原本异兽就比人族皮糙耐打,再加上两个大等级的压制,容峣觉得收拾一下,就可以躺下等死了。
哈哈,有没有一种可能,让封玉衡附身到野猪身上,再把她杀了,也算是完成任务?
背上的人已经快把她烫到七分熟,容峣长叹一声,认命地把人放在树边,布下一个小型的防御阵法。
看着壮如小塔一般的魔兽身后,颤颤巍巍晃动的几株灵草,容峣拱手作揖:“这位猪姊猪兄,能不能打个商量,让我们路过一下?”
“就这几株灵草,还不够您塞牙缝的,要不顺手给我们得了?”
很明显,这位猪姊猪兄不乐意,浑身萦绕的黑色魔气瞬间荡开,前蹄向后摩擦两下,“噔噔噔”地朝她冲刺而来!
拦在两人一猪之间的参天巨树,宛如纸糊的一般被魔兽拦腰撞断,鸟惊兽逃,接连的巨响之后,容峣飞速往一旁掠去。
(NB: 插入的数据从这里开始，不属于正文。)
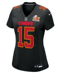Women’s Kansas City Chiefs Patrick Mahomes Carbon Black Super Bowl LIX Fashion Game Jersey JS2826 nicesnker
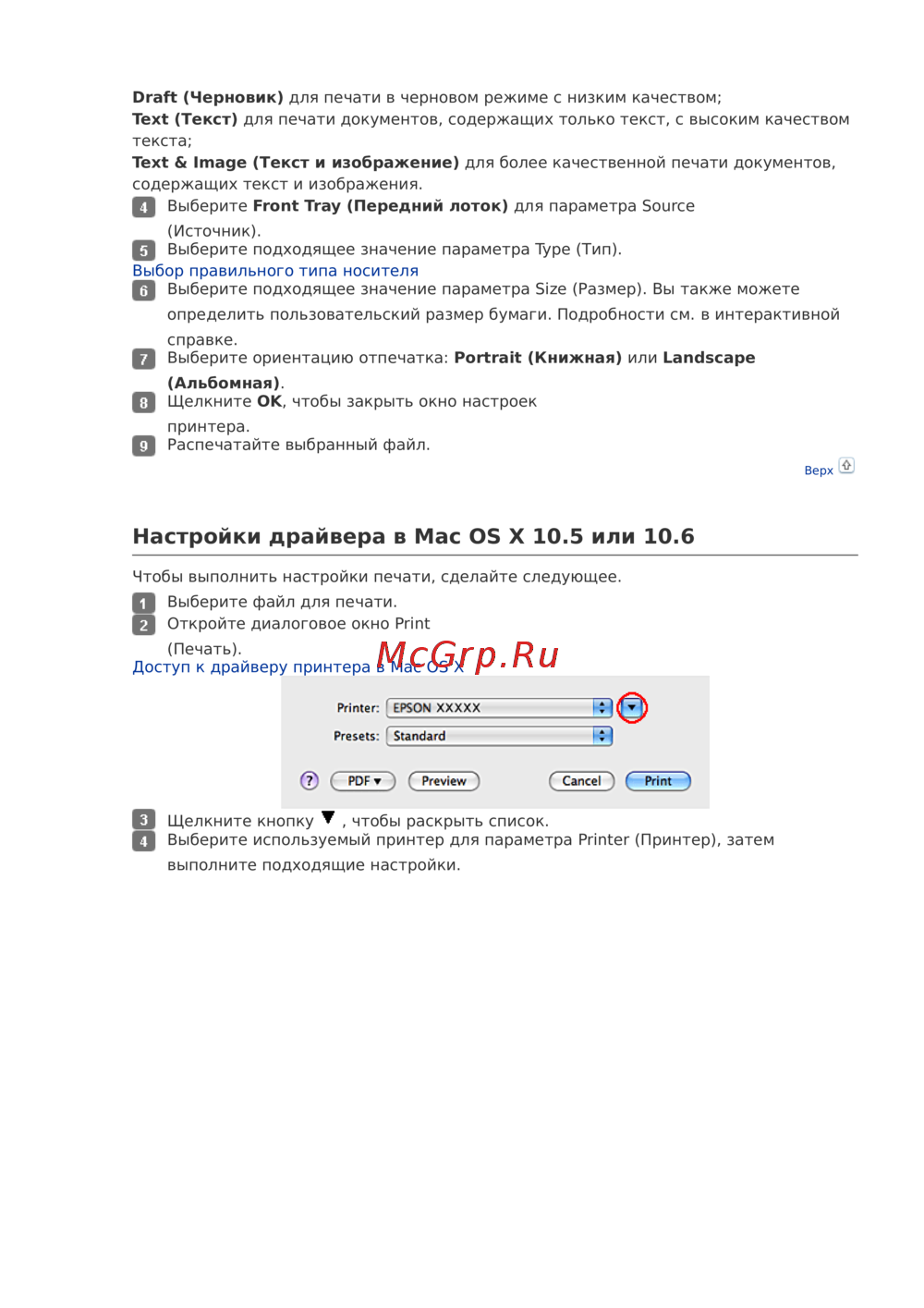 Доступ к драйверу принтера в Mac OS X
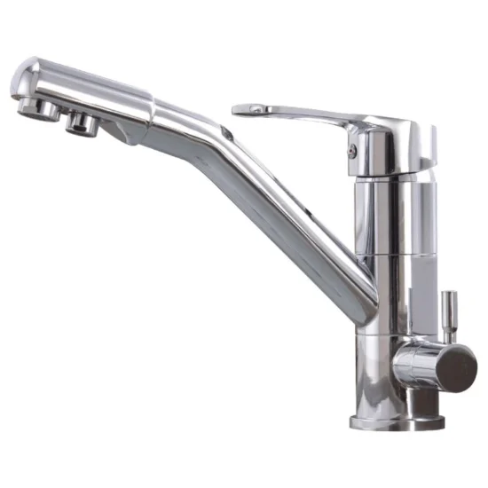 Robinet de cuisine 3 voies chromé avec bec rotatif 360°. Permet de distribuer l’eau chaude, froide et filtrée à partir d’un seul robinet. Installation simple sans perçage. Idéal pour les systèmes de filtration sous évier ou osmoseur.
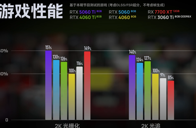 默认性能:4060<3060ti<4060ti<5060<7700xt<5060ti
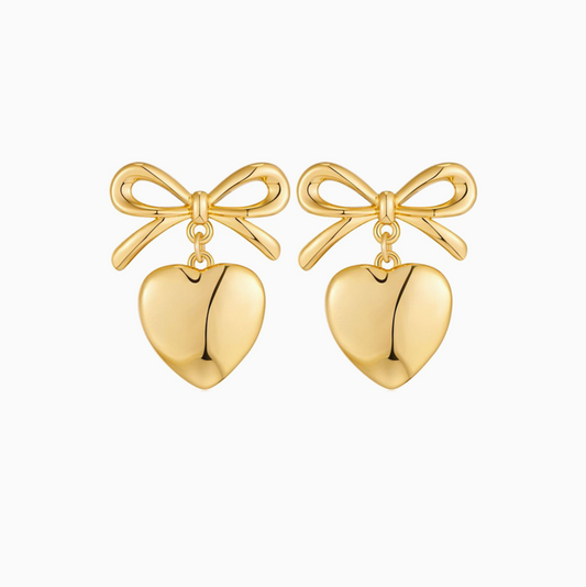 Silver Heart Bow Cute Girl Earrings
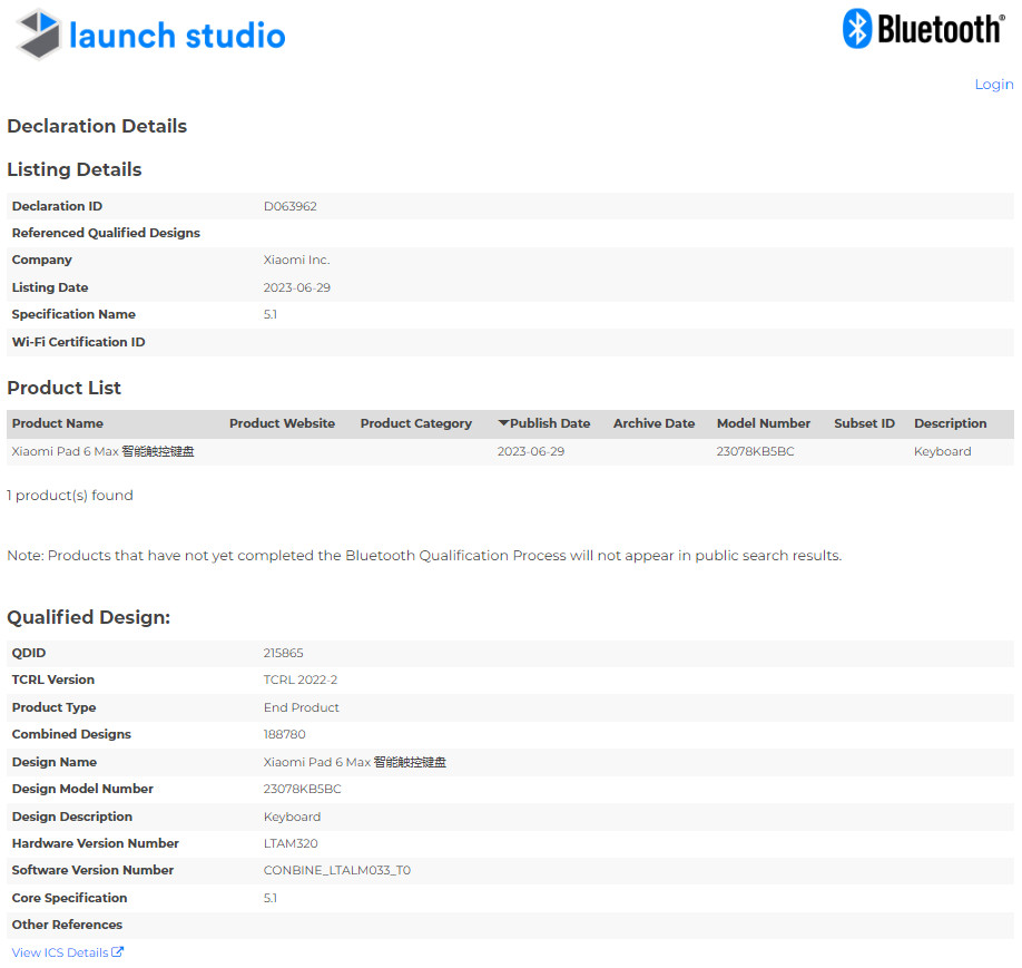 Пару дней назад в базе данных Bluetooth SIG появился любопытный продукт компании Xiaomi — речь идёт об «умной сенсорной клавиатуре» для планшетного компьютера со скромным названием Xiaomi Pad 6 Max.

野猪横冲直撞,时而仰首张望,瞧着有几分焦躁不安,像是突然到了不熟悉的地界。
见它如此反应,若不是这魔兽等级高难以控制,方圆百里又没旁人气息,容峣都要怀疑是有人故意引过来。
唉,真怕气运之子,被一头名不见经传的魔兽踩死。
将野猪引到安全距离,容峣摒除杂念,目光如锁,定在眼前这头凶兽身上。
抬手唤出偷摸捡回来的两柄短剑,她心念一动,几个闪身跃至野猪上空,聚灵于掌用尽全力向下刺去。
野猪的弱点在额头、后脑和胸腔,容峣想速战速决,两柄短剑带着破空之力,一前一后精准地刺中前额。
虽然知道野猪皮硬如铠甲,也知晓买的这两把短剑质量一般,但眼见只削去一小搓毛发,就在她面前彻底粉碎,容峣脸上还是浮现出一层愕然。
当时那老板怎么说的来着?切金断玉、无坚不摧?
就不能再坚持一下吗?
头上受到攻击,野猪迅速仰头,喷出一大团浓重的魔息,对容峣紧追不舍。
山涧的白雾很快掺杂着焦黑魔瘴,一些刚抽芽的嫩植受不住,瞬间变得枯黄。
抽空扫了眼封玉衡的情况,果不其然,原本还能靠着树干的人已经体力不支,朝着一边歪倒。
他所中的毒是风隐楼的至宝焚心煞,而这种毒本就同魔气有关,身处这种环境,怕是会牵连毒发。
知晓不能再耗下去,哪怕容峣能凭身法拖延时间,此刻也不得不使出浑身解数,招式像不要钱似的向野猪身上招呼。
只是等级差摆在那,招式虽都有效,到底威力不足,始终无法突破野猪的防御。
耳边不断传来炸响,时不时有白光闪过,封玉衡无意识对抗着体内的冰火两重天,艰难地抽出一丝神智看向战局。
身法绝妙,术阵齐发,她比他想的,还要厉害许多。
只是招式中不免带上一抹急躁,封玉衡稍微一想,就知道是因为他。
她是真的,想救他。
阵法无法阻隔全部的魔气,被这瘴毒一熏,他的眼眶更红,尾端甚至缀上一抹鲜妍,薄唇也因赤红显得愈发饱满。
压抑地轻喘一声,在神思进一步恍惚前,他紧攥的掌心微松,溢出丁点儿方才本能保留下的,完全是旁人气息的灵力。
用仅存的灵力打开芥子空间,封玉衡浑身发软,却还是用尽全部力气,朝容峣抛过去两柄短剑:“接着。”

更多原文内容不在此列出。